Who and When to Screen
All children seen at local health departments for health maintenance visits (Well Child and Well Baby Clinics; Early Periodic Screening Diagnosis Treatment (EPSDT) clinics; Pediatric Supervisory Clinics; WIC Children, etc) and all children receiving services through private providers are to be screened at least once before the age of six without regard to risk determination.
Ideally, children should be tested between 12 and 24 months of age, or upon their first entry to the health care system at a later age. Children identified as high risk should be rescreened in 12 months.
The screening specimen should be collected by the child’s primary care provider.

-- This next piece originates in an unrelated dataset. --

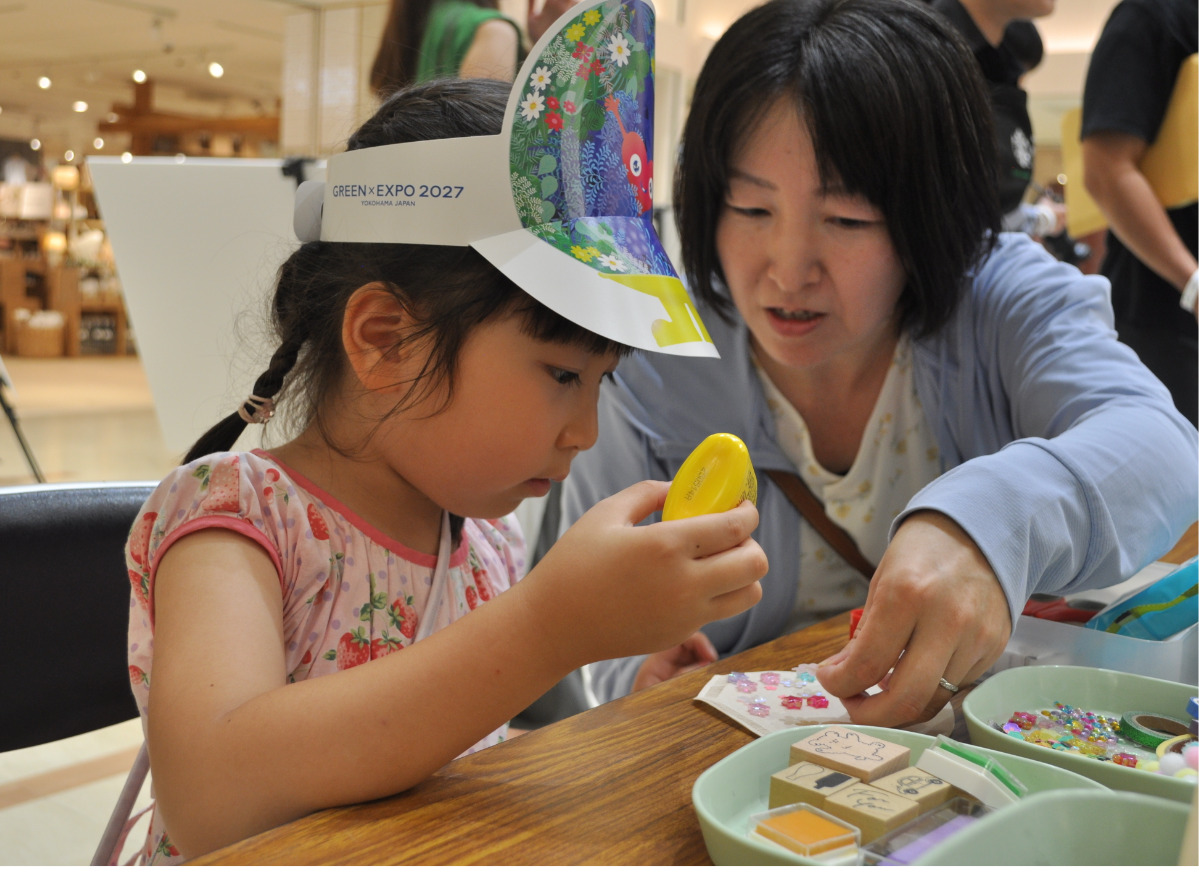 旧上瀬谷通信施設(横浜市旭区、瀬谷区)が会場のGREEN×EXPO 2027(国際園芸博覧会)の開催600日前に合わせた催しが、7月23日から29日まで相鉄ライフ三ツ境で実施。パネル展や消臭剤を作るワークショップがあり、親子連れなどで賑わった。

Referral to a provider solely for the purpose of lead screening is discouraged.
Screening Test and Methodology
Direct blood lead measurement is the screening test of choice. Finger-stick, capillary blood specimens are adequate for the initial screening test, provided that precautions are taken to minimize the risk of contamination. Venous blood specimens should be collected for confirmation of all elevated blood lead results.
The State Laboratory is available to analyze blood specimens collected by local health departments and blood specimens on all children 6 months - 6 years of age who are seen by private providers.

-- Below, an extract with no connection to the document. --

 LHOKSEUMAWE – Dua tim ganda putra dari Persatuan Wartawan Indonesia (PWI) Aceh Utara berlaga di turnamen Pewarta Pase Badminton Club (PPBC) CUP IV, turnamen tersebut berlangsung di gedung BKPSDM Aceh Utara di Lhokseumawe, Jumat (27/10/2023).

Specimen Identification, Collection and Shipment
B. Complete all identification and requested information on DHHS form #3707. It is imperative that all of the following information be completed:
- Patient last name, first name, middle initial
- Date of birth
- Race and sex
- Medicaid number
- Submitter name, address and tax identification number (EIN#)
- Specimen collection date
- Indicate whether Initial or follow-up blood lead test
Submit an EDTA (lavender top) microtainer or venous blood specimen (full, unopened tube) labeled with patient’s name and date of birth. Laboratory testing will NOT be performed unless the information on the specimen tube exactly matches information on the collection form.
C. Preparation of Child
- Wash child’s hand with soap and water, using hand brush. Rinse well. Dry.

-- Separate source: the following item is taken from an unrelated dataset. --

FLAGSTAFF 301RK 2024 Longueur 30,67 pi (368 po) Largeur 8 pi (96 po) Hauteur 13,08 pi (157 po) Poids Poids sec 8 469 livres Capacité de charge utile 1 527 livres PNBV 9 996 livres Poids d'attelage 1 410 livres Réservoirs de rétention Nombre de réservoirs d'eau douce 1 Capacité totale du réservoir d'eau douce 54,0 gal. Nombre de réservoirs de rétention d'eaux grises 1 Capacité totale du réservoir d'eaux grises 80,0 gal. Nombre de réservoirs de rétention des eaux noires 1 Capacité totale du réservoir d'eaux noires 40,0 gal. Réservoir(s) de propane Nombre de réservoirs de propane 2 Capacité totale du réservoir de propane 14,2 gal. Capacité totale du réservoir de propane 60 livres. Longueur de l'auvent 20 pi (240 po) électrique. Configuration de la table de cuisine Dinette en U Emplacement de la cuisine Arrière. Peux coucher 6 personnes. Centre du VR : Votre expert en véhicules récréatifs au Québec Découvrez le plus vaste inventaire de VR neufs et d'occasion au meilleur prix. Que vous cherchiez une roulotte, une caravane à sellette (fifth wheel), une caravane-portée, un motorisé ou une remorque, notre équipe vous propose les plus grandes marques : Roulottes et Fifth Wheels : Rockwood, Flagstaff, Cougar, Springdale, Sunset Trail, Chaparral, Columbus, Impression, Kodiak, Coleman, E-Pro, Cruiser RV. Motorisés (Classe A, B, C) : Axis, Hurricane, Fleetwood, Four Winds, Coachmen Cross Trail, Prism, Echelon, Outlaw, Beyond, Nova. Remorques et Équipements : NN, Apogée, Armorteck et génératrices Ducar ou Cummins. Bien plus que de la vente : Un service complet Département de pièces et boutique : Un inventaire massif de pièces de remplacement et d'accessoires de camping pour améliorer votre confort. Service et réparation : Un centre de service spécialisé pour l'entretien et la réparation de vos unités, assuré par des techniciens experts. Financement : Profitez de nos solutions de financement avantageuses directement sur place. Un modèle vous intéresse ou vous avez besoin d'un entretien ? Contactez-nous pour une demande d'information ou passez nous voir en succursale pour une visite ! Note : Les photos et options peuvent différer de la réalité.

- Grasp the child’s hand so that the blood drawer’s thumb is across the top of the child’s fingers.
- Hold the child’s hand so that the palm faces up.
- Use child’s middle or ring finger for sample collection.
- Using an alcohol wipe, briskly scrub area on the child’s fingertip for 20 seconds.
- Wipe scrubbed area once, using dry gauze.
- Use lancet to stick finger slightly left of center.
- Use dry gauze to wipe off the first drop of blood.
Note: After specimen collection, care of puncture site should be consistent with your institution’s procedures.
D. Collection of Blood Sample
- Continuing to grasp the finger, touch the capillary tip of the collection device to the beaded drop of blood.
- Capillary must be held continuously in a horizontal position during specimen collection to prevent air bubbles from forming in the capillary tube.
- Dispense the full capillary of blood (200 – 250 μL) into the microtainer.
- Turn capillary/tube unit immediately to a vertical position to allow the blood in the capillary to flow into the tube.
- Remove capillary with holder at the same time. Close microtainer with attached cap.
- Agitate the specimen to mix the anticoagulant through the blood.
- Label microtainer with patient’s first and last name and date of birth and refrigerate until shipping.
*Laboratory testing will NOT be performed unless the information on the specimen tube exactly matches information on the collection form.
- The Laboratory must receive the specimen within 28 days of collection; however, immediate shipping is recommended to ensure specimen integrity and suitability for analysis.
- If not shipped immediately, store in refrigerator.
Reporting Procedures and Interpretation
Children are classified according to the risk for adverse effects of lead based solely on blood lead measurement. The urgency and type of follow-up required are based on a child’s risk classification.